The version you run has several problems:
1. Sometimes drive does not have a format attribute. We do not know yet why this
happens.
2. Sometimes sampling drive fails because the drive path is unknown to libvirt.
This may be a non-existing drive that should have been removed. We do not
know yet why this happens.
3. When such error happen, and you have multiple disks on a vm, sampling stop
and next disks in the disk list are skipped. This can explain why your disk
stats are constant.
4. The errors spam your vdsm log and syslog
These 3 patches do not fix the underlying problems causing the errors, but
improve error handling and decrease log spam.
1.
http://gerrit.ovirt.org/22518 - vm: Avoid log spamming when drive format is undefined
This is a cleaner replacement for the patch you already applied, and required by
the next two patches. This patch is likely to be merged to master
2.
http://gerrit.ovirt.org/22575 - vm: Continue to sample after errors
This patch fix error handling so failure to sample one disk does not effect sampling
of other disks.
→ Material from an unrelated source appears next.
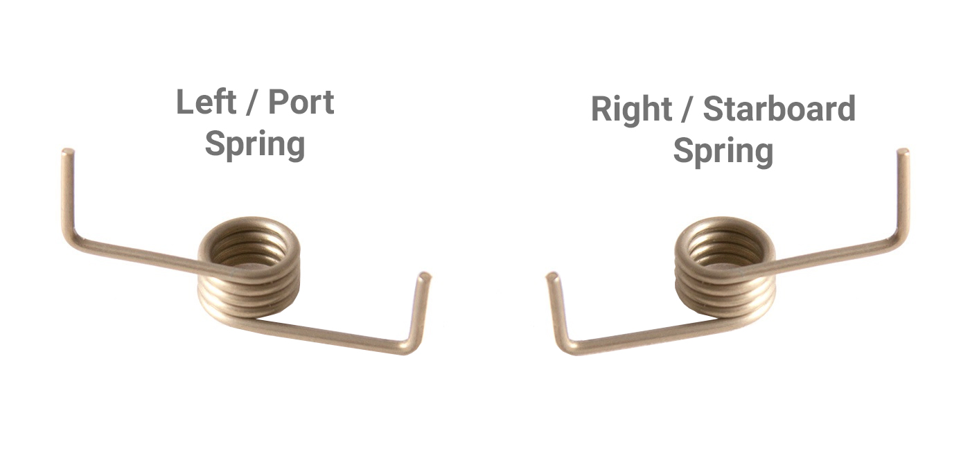 Replacement springs for the Click-N-Go Mirage Drive Ports found on many roto-moulded Hobie Kayak models from 2009. Sometimes the springs can bend or snap with fatigue. Replacement left / port and right / starboard side springs are available. To replace these, you need to remove the black plastic cover on the drive latch using a small precision screwdriver.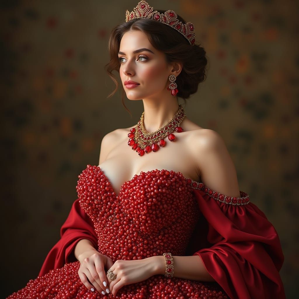 A realistic portrait of a plus-size woman wearing an elegant gown made entirely of pomegranate seeds, detailed with matching jewelry. Features soft lighting and a cinematic photographic style.

You should see disk stats for "good" drives even if you have
one "bad"
drive on a vm.
3.
http://gerrit.ovirt.org/22576 - vm: Decrease log spam for expected errors
This patch logs one line for expected errors instead of 15 lines traceback,
reducing log spam.
It will be nice if you test these patches and report the results.
You ping me on #vdsm if you like to discuss this or need more help.
Thanks,
Nir